Acquired venv creation lock
venv is already set up
venv setup time = 0 sec
This version of datahub supports report-to functionality
+ exec datahub ingest run -c /tmp/datahub/ingest/383a4ddd-78eb-4902-926d-ae026bdae430/recipe.yml --report-to /tmp/datahub/ingest/383a4ddd-78eb-4902-926d-ae026bdae430/ingestion_report.json
[2023-11-15 19:03:04,425] INFO     {datahub.cli.ingest_cli:147} - DataHub CLI version: 0.12.0
[2023-11-15 19:03:04,443] INFO     {} - Sink configured successfully.
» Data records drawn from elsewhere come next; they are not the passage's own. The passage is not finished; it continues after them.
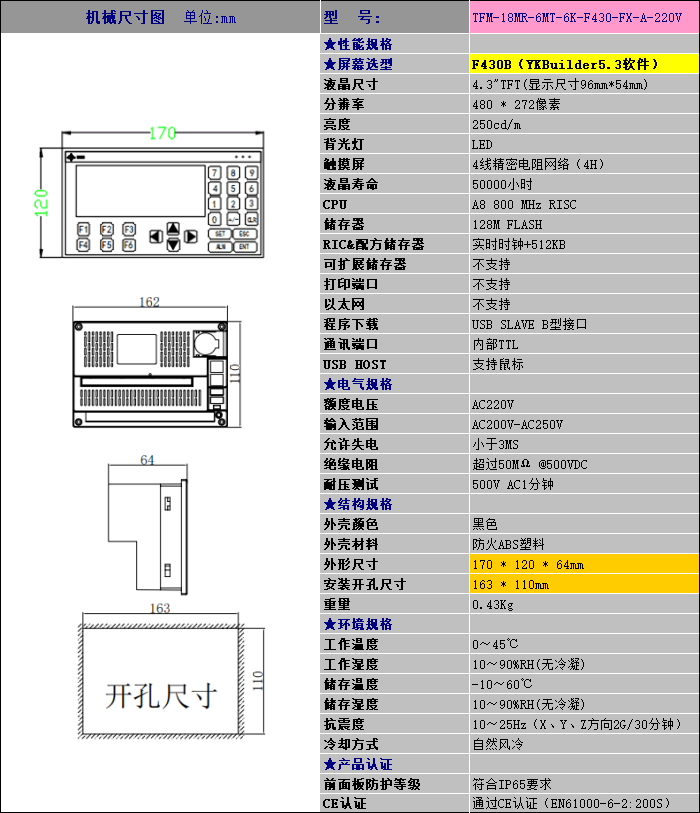 TFM-18MR-6MT-6K-F430-FX-A-220V(经典色)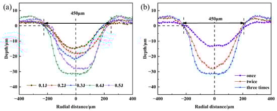 Based on the experimental results of Section 3.3.1, a 100 μm thick copper foil was selected as the absorption layer. The influence of laser parameters on the diameter and depth of the micro-dimple was studied by varying the laser energy and the number of impacts. The contour profiles of the micro-dimple induced by LICB impacts under different laser parameters are shown in Figure 9. The cross-sectional morphology of micro-dimples obtained by repetitively subjecting them to impacts with different laser energy levels three times is shown in Figure 9a. It can be observed from Figure 9a that under the influence of LICB at varying laser energy levels, the maximum diameter of the upper part of the micro-dimple is approximately the same, at around 450 μm. As the energy distribution of the laser spot follows a Gaussian distribution, the laser plasma shock wave and cavitation collapse shock wave were unevenly distributed. The pressure of the shock wave decreased as one moves closer to the edge of the laser spot, resulting in the micro-dimple diameter being slightly lower than the spot diameter of 500 μm. Among these, when the energy ranges from 100 to 400 mJ, the depth of the micro-dimple gradually increases. However, when the laser energy reaches 500 mJ, the maximum depth of the micro-dimple begins to decrease and deviate from the center of the beam spot. Based on the studies by scholars Sollier [] and Wang [], it can be inferred that the plasma shielding effect impedes the effectiveness of laser radiation. In conclusion, the optimal effect of the LICB micro-dimple is achieved with a laser energy of 400 mJ.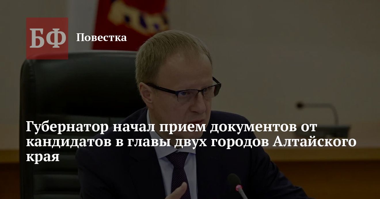 Прием документов для определения кандидатов в главы муниципальных образований ведется в соответствии с указом губернатора региона. Внести свое предложение вправе парламентские политические партии, Совет муниципальных образований Алтайского края, Всероссийская ассоциация развития местного самоуправления, а также Общественная палата региона.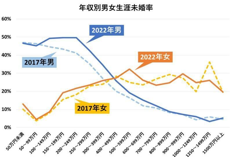 収入にはまぁ人によって上下あるけど男女共に独身まみれやからあんま関係ないと思うで

DataHubRestEmitter: configured to talk to <http://datahub-gms:8080>
[2023-11-15 19:03:04,600] INFO     {} - Source configured successfully.
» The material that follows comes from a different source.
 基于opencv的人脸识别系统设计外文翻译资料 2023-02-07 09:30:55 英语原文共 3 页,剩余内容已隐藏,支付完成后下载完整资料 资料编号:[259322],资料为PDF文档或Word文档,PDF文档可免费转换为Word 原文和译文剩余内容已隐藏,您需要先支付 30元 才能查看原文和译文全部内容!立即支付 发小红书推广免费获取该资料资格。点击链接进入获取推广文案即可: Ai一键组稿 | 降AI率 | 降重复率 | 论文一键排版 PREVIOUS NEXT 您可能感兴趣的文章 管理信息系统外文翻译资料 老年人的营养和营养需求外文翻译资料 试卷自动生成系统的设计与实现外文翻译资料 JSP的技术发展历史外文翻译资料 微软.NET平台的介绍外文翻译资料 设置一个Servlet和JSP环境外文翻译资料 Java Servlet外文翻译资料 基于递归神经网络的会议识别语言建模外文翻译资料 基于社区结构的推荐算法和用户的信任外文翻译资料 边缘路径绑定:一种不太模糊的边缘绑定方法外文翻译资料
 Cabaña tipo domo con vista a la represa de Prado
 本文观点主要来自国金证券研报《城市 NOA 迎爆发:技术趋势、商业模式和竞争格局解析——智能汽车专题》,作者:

[2023-11-15 19:03:04,600] INFO     {datahub.cli.ingest_cli:128} - Starting metadata ingestion
[2023-11-15 19:05:10,134] INFO     {datahub.ingestion.reporting.file_reporter:52} - Wrote UNKNOWN report successfully to &lt;_io.TextIOWrapper name='/tmp/datahub/ingest/383a4ddd-78eb-4902-926d-ae026bdae430/ingestion_report.json' mode='w' encoding='UTF-8'&gt;
[2023-11-15 19:05:10,134] INFO     {datahub.cli.ingest_cli:133} - Source (starburst-trino-usage) report:
{'events_produced': 0,
 'events_produced_per_sec': 0,
 'entities': {},
 'aspects': {},
 'warnings': {},
 'failures': {},
 'start_time': '2023-11-15 19:03:04.600756 (2 minutes and 5.53 seconds ago)',
 'running_time': '2 minutes and 5.53 seconds'}
[2023-11-15 19:05:10,135] INFO     {datahub.cli.ingest_cli:136} - Sink (datahub-rest) report:
{'total_records_written': 0,
 'records_written_per_second': 0,
 'warnings': [],
 'failures': [],
 'start_time': '2023-11-15 19:03:04.441967 (2 minutes and 5.69 seconds ago)',
 'current_time': '2023-11-15 19:05:10.135108 (now)',
 'total_duration_in_seconds': 125.69,
 'gms_version': 'v0.12.0',
 'pending_requests': 0}
2 validation errors for TrinoJoinedAccessEvent
  none is not an allowed value (type=type_error.none.not_allowed)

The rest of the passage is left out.